We’re a small engineering team building and operating production services that must stay up and available across multiple regions, even when things go wrong. We’re looking for a pragmatic Site Reliability Engineer who can design, build, and operate resilient systems without unnecessary complexity.
This role is hands-on and collaborative: you’ll work closely with application engineers to make reliability a shared responsibility, not a gate.
Multi-Region Reliability & Availability (Primary Focus)
- Design and operate multi-region architectures (active/active or active/passive)
- Implement and improve automated failover and traffic routing
- Identify and eliminate single points of failure
- Ensure regional isolation and graceful degradation when dependencies fail
High Availability & Disaster Recovery
- Define realistic availability goals and failure scenarios
- Design and test backup and restore processes
- Own disaster recovery plans and validate them through regular testing
- Help the team understand RTO/RPO trade-offs
Observability & Incident Response
- Build and maintain clear, actionable observability (metrics, logs, traces)

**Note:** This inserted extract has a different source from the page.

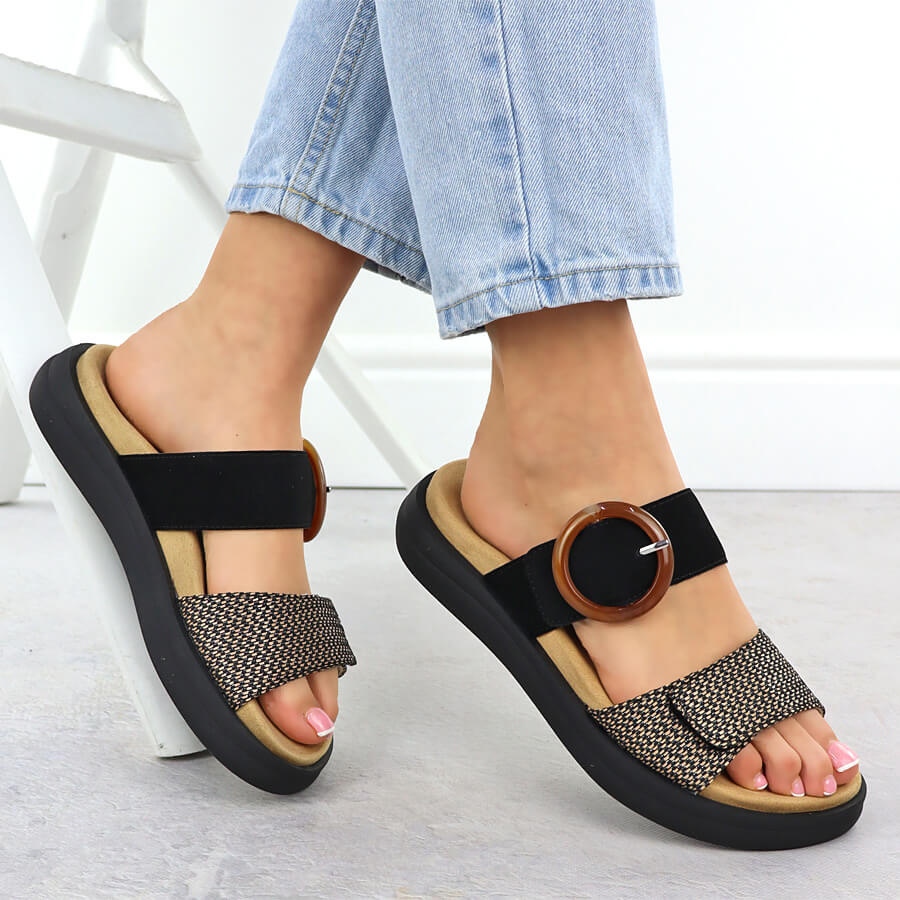 Papucii sunt într -o culoare neagră clasică, ceea ce le face un plus universal la multe stilizări de vară. Reducerea lor casual le face ideale atât pentru rezultatele zilnice, cât și pentru întâlniri mai slabe cu prietenii. Calea alunecată și velcro reglabilă vă permit să vă încadrați și să vă puneți ușor în mod convenabil, ceea ce este deosebit de important în zilele călduroase.

- Create alerts that detect real problems without noise
- Participate in on-call and help improve incident response
- Lead or contribute to blameless postmortems and follow-up fixes
Automation & Operations
- Reduce manual operational work through automation
- Improve deployment safety (rollbacks, health checks, canaries where appropriate)
- Manage infrastructure using infrastructure as code
- Design systems that recover automatically whenever possible
Performance & Capacity
- Monitor performance and saturation across regions
- Help with capacity planning and load testing
- Balance reliability, performance, and cost